Turbulent dissipation, CH$^+$ abundance, H$_2$ line luminosities, and polarization in the cold neutral medium

TL;DR

This study uses MHD turbulence simulations to investigate how intermittent heating affects CH$^+$ abundance, H$_2$ line luminosities, and polarization in the cold neutral medium, aligning with many observations and highlighting the role of magnetic fields.

Contribution

The paper introduces a new simulation approach incorporating heating, cooling, and magnetic effects to explain CH$^+$ abundance and H$_2$ emission in the cold neutral medium, with implications for magnetic field strength.

Findings

Simulations reproduce observed H$_2$ line emissions.

Models match observed CH$^+$ abundances with realistic magnetic fields.

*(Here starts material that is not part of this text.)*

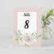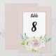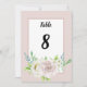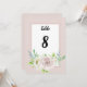 Cartões de número de mesa para festa de casamento com detalhes emoldurados com cantos acentuados superior e inferior de flores de rosas em aquarela em tons de rosa e branco com folhagem botânica em aquarela. Este conjunto de casamento floral rosa macio romântico tem rosas e folhagens em fundos rosa suave. Este conjunto tem tipografia moderna que pode ser personalizada ao seu gosto. Ótimo design da TLS Designs.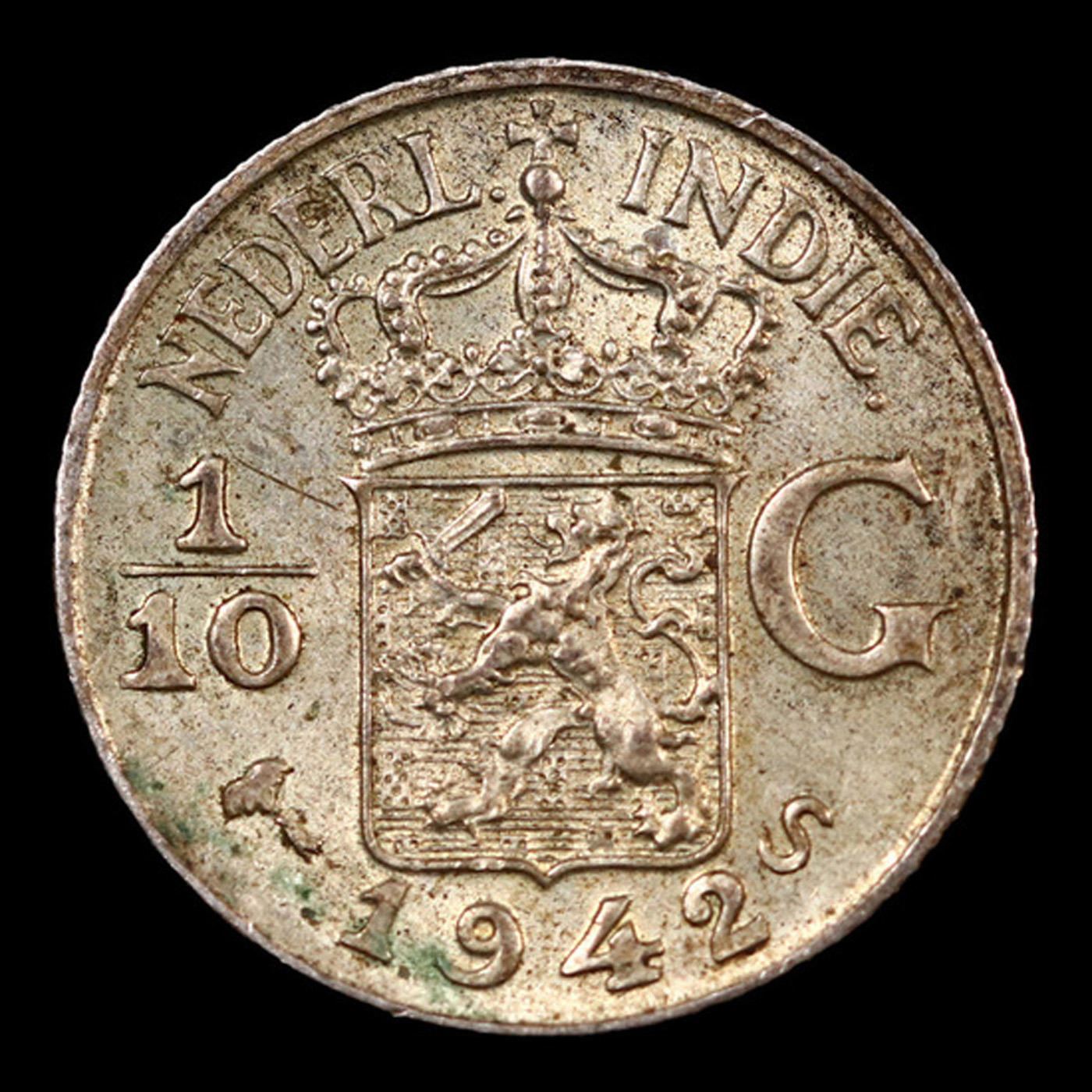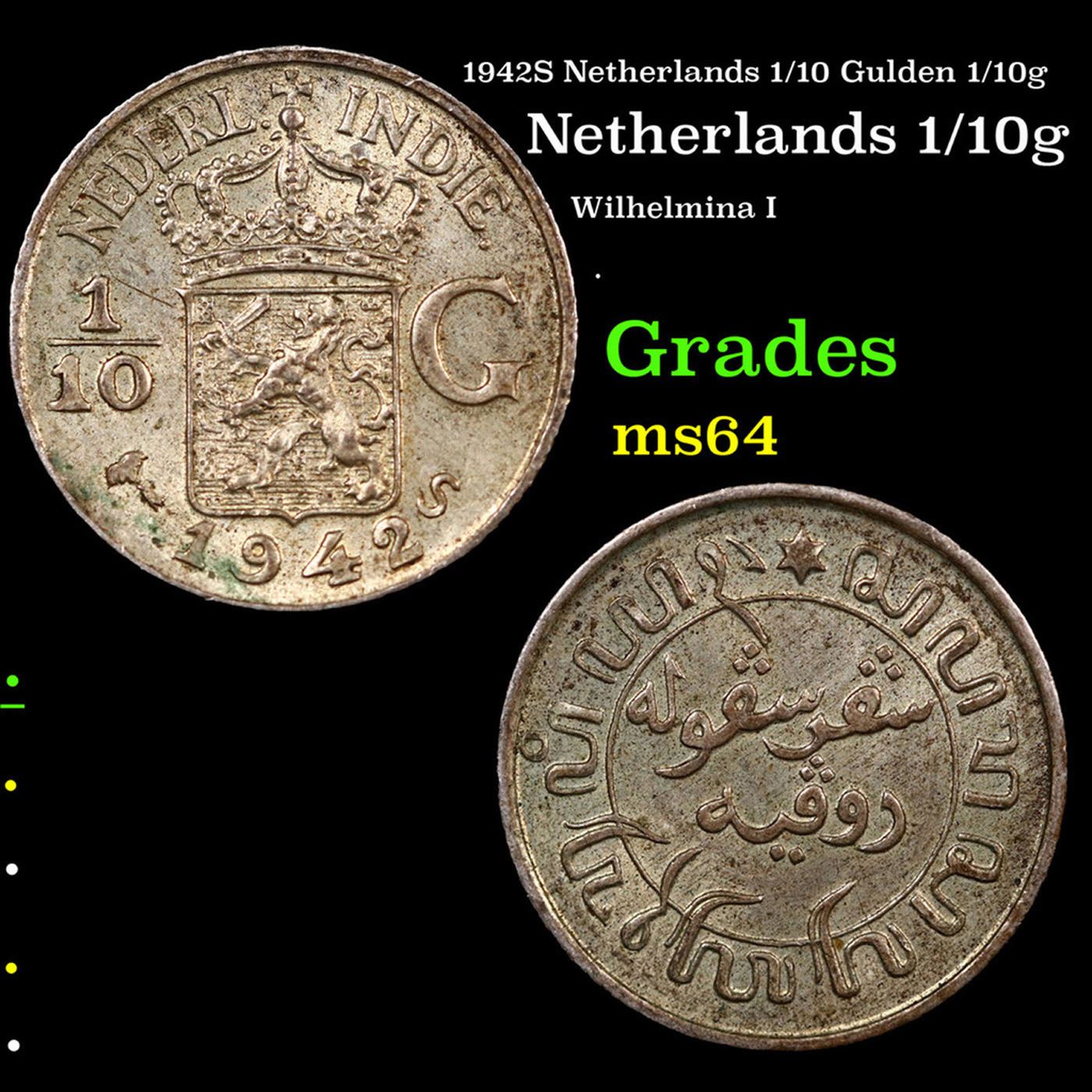 1942S Netherlands 1/10 Gulden 1/10g Grades Choice Unc. Wilhelmina (Wilhelmina Helena Pauline Maria; 31 August 1880 – 28 November 1962) was Queen of the Netherlands from 1890 until her abdication in 1948. She reigned for nearly 58 years, longer than any other Dutch monarch. Her reign saw both World War I and World War II, as well as the Dutch economic crisis of 1933.The only child of King William III of the Netherlands and Emma of Waldeck and Pyrmont, Wilhelmina ascended to the throne at the age of 10 after her father's death in 1890, under her mother's regency. After taking charge of government, Wilhelmina became generally popular for maintaining Dutch neutrality during the First World War and solving many of her country's industrial problems. By that time, her business ventures had made her the world's first female billionaire in dollars. She went on to ensure that her family was one of seven European royal houses remaining in existence.Following the German invasion of the Netherlands in 1940, Wilhelmina fled to Britain and took charge of the Dutch government-in-exile. She frequently spoke to the nation over radio and came to be regarded as a symbol of the resistance. By 1948, she had returned to the liberated Netherlands and was the only survivor of the 16 monarchs who were sitting on their thrones at the time of her coronation. Increasingly beset by poor health, Wilhelmina abdicated in favour of her daughter Juliana in September 1948 and retired to Het Loo Palace, where she died in 1962.She remains popular in the Netherlands, even among the Dutch Republican movement. This is due to her being seen as a symbol of Dutch Resistance during World War II.

Dust polarization data suggest sub-Alfvénic turbulence.

Abstract

In the cold neutral medium, high out-of-equilibrium temperatures are created by intermittent dissipation processes, including shocks, viscous heating, and ambipolar diffusion. The high-temperature excursions are thought to explain the enhanced abundance of CH$^{+}$ observed along diffuse molecular sight-lines. Intermittent high temperatures should also have an impact on H$_2$ line luminosities. We carry out simulations of MHD turbulence in molecular clouds including heating and cooling, and post-process them to study H$_2$ line emission and hot-gas chemistry, particularly the formation of CH$^+$. We explore multiple magnetic field strengths and equations of state. We use a new H$_2$ cooling function for $n_{\rm H} \leq 10^5\,{\rm cm}^{-3}$, $T\leq 5000\,{\rm K}$, and variable H$_2$ fraction. We make two important simplifying assumptions: (i) the ${\rm H}_2/{\rm H}$ fraction is fixed everywhere, and (ii) we exclude from our analysis regions where the ion-neutral drift velocity is calculated to be greater than 5 km/s. Our models produce H$_2$ emission lines in accord with many observations, although extra excitation mechanisms are required in some clouds. For realistic r.m.s. magnetic field strengths ($\approx 10$ $\mu$G) and velocity dispersions, we reproduce observed CH$^+$ abundances. These findings contrast with those of Valdivia et al. (2017). Comparison of predicted dust polarization with observations by {\it Planck} suggests that the mean field $\gtrsim 5 \mu$G, so that the turbulence is sub-Alfv\'enic. We recommend future work treating ions and neutrals as separate fluids to more accurately capture the effects of ambipolar diffusion on CH$^+$ abundance.